-- Supplied material follows --
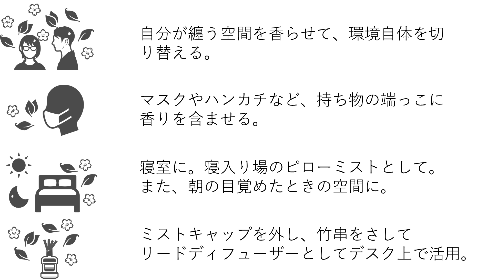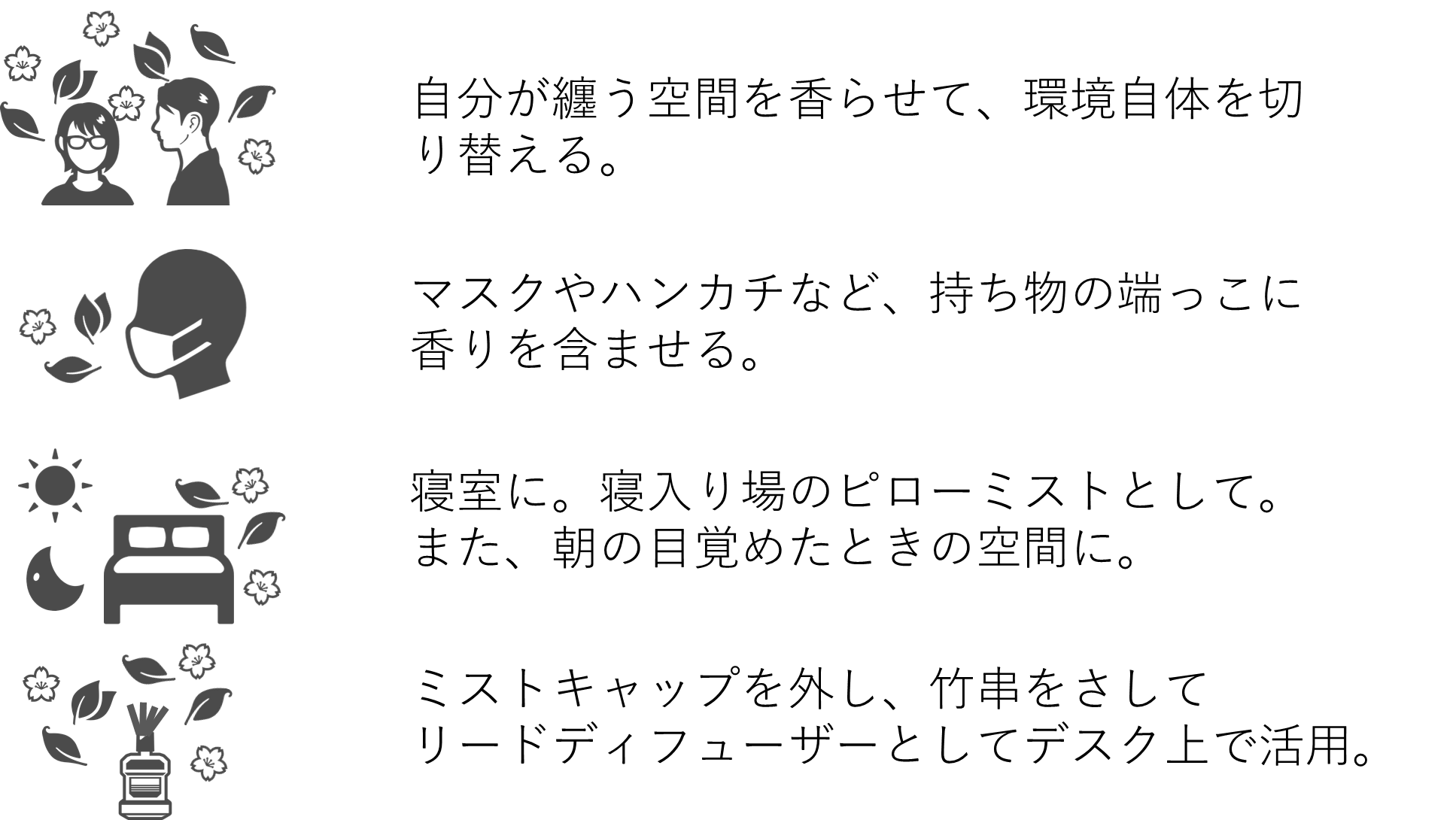 それぞれのライフスタイルに合わせて、香りの楽しみ方は沢山。アナタに合った形でご使用ください♪
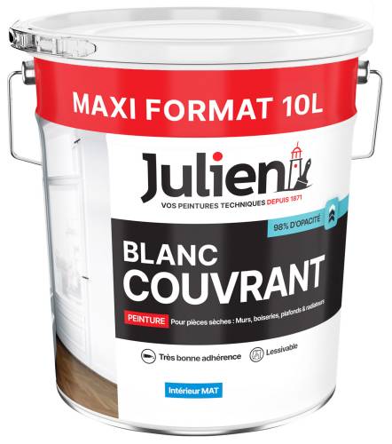 Très bonne couvrance grâce à l'opacité (98%) de sa formule pour un résultat uniforme et un blanc pur. Grâce à la technicité de sa formule, Blanc Couvrant garantit une adhérence optimale sur de nombreux supports intérieurs tels que les murs, les plafonds, les boiseries et les radiateurs. Le Blanc Couvrant Julien s’entretien facilement grâce à sa bonne lessivabilité.
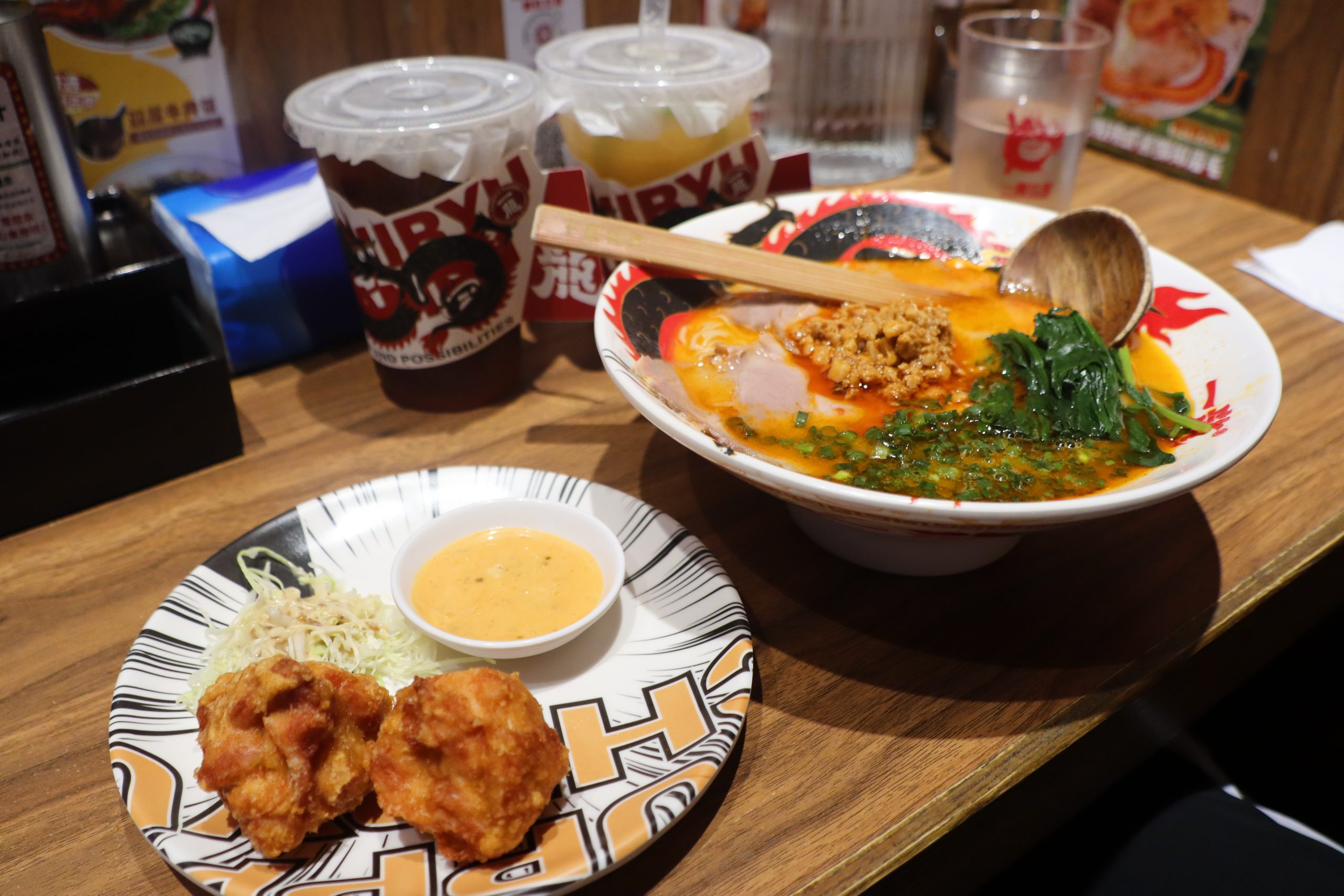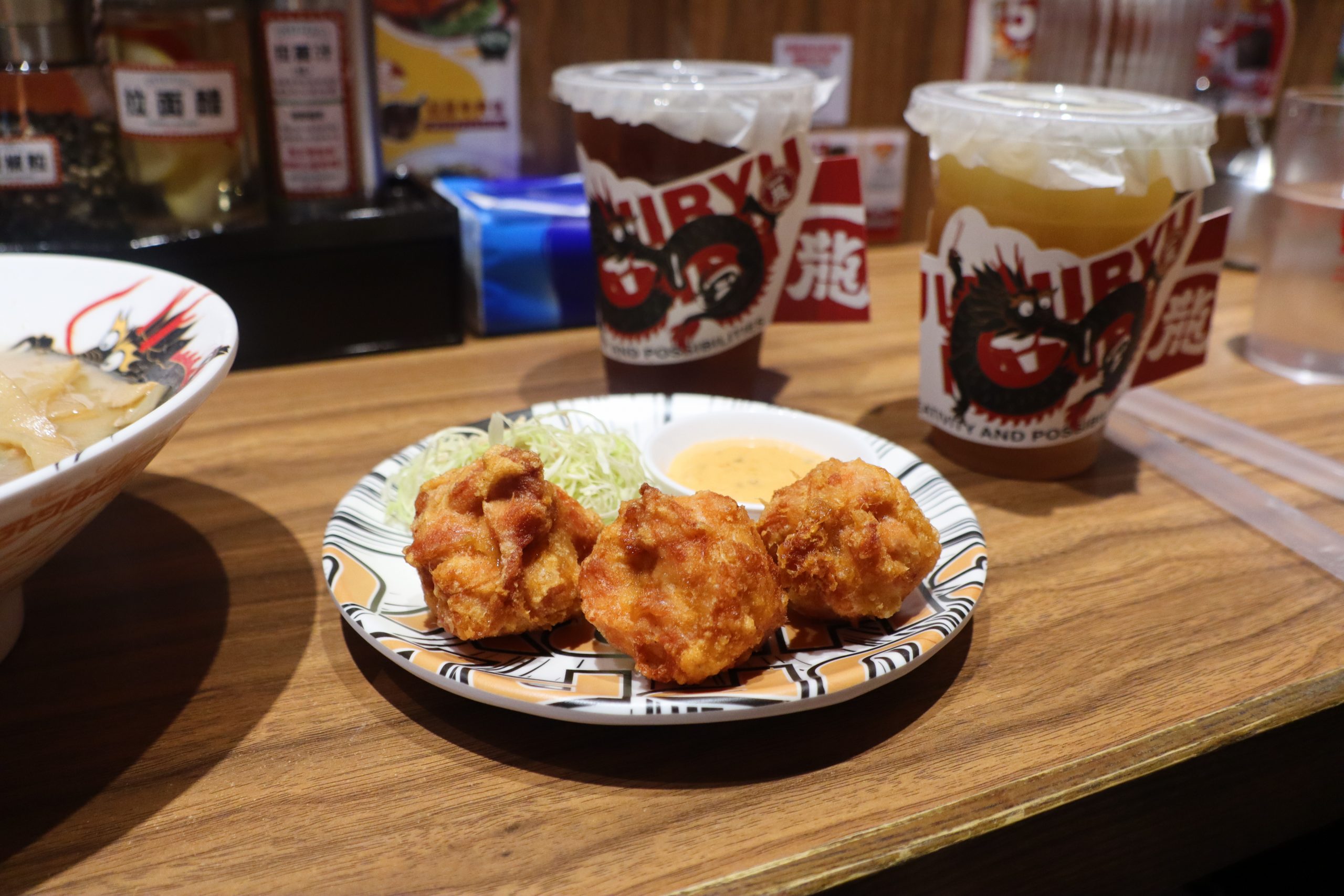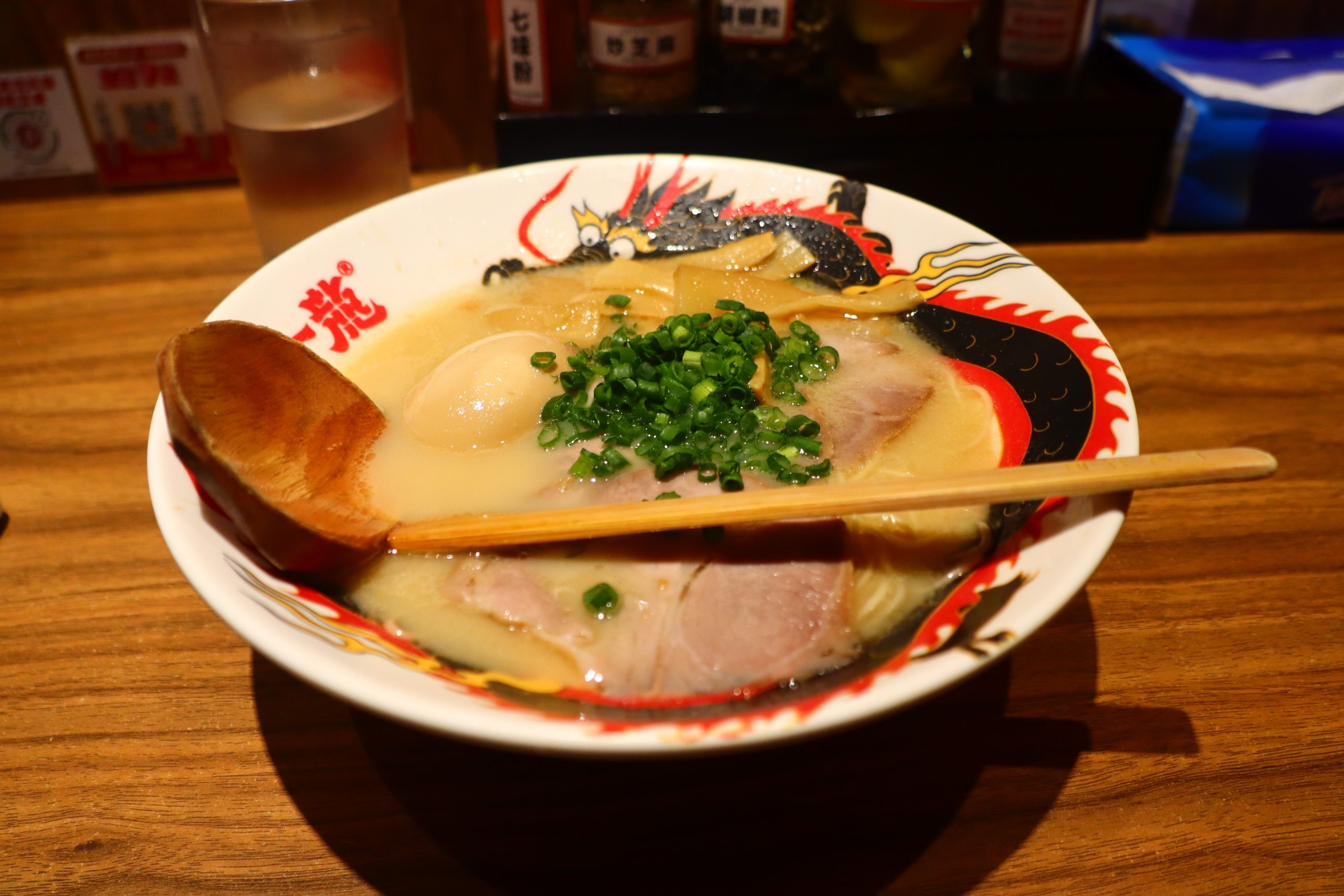 一龙拉面在天河城的6楼(还是5楼来着?),是一家日式连锁拉面面馆,虽然说是日式连锁,但我感觉装潢上并不日式,“一龍”两大字招牌倒挺醒目的,店内空间不算太大,座位大致呈T字形,人气较为火爆(中午12点饭点了),我们两人12点半取号也排了将近半小时才入座。我在美团上购买了118的团购券(两份拉面+两杯饮品+一份炸鸡),扫码很快就点好了餐。我选择的是招牌的拉面,因为前几次探日式拉面店都是吃的较为重口的黑拉面(其实就是加了致死量的黑芝麻),这次就吃的清淡了点(还特地选择了清淡一点的汤底),也算换换口味了。
-- Supplied material concluded --
Task requirements: Please transcribe each line above exactly, but leave the images out.

Your solution:
 それぞれのライフスタイルに合わせて、香りの楽しみ方は沢山。アナタに合った形でご使用ください♪
 Très bonne couvrance grâce à l'opacité (98%) de sa formule pour un résultat uniforme et un blanc pur. Grâce à la technicité de sa formule, Blanc Couvrant garantit une adhérence optimale sur de nombreux supports intérieurs tels que les murs, les plafonds, les boiseries et les radiateurs. Le Blanc Couvrant Julien s’entretien facilement grâce à sa bonne lessivabilité.
 一龙拉面在天河城的6楼(还是5楼来着?),是一家日式连锁拉面面馆,虽然说是日式连锁,但我感觉装潢上并不日式,“一龍”两大字招牌倒挺醒目的,店内空间不算太大,座位大致呈T字形,人气较为火爆(中午12点饭点了),我们两人12点半取号也排了将近半小时才入座。我在美团上购买了118的团购券(两份拉面+两杯饮品+一份炸鸡),扫码很快就点好了餐。我选择的是招牌的拉面,因为前几次探日式拉面店都是吃的较为重口的黑拉面(其实就是加了致死量的黑芝麻),这次就吃的清淡了点(还特地选择了清淡一点的汤底),也算换换口味了。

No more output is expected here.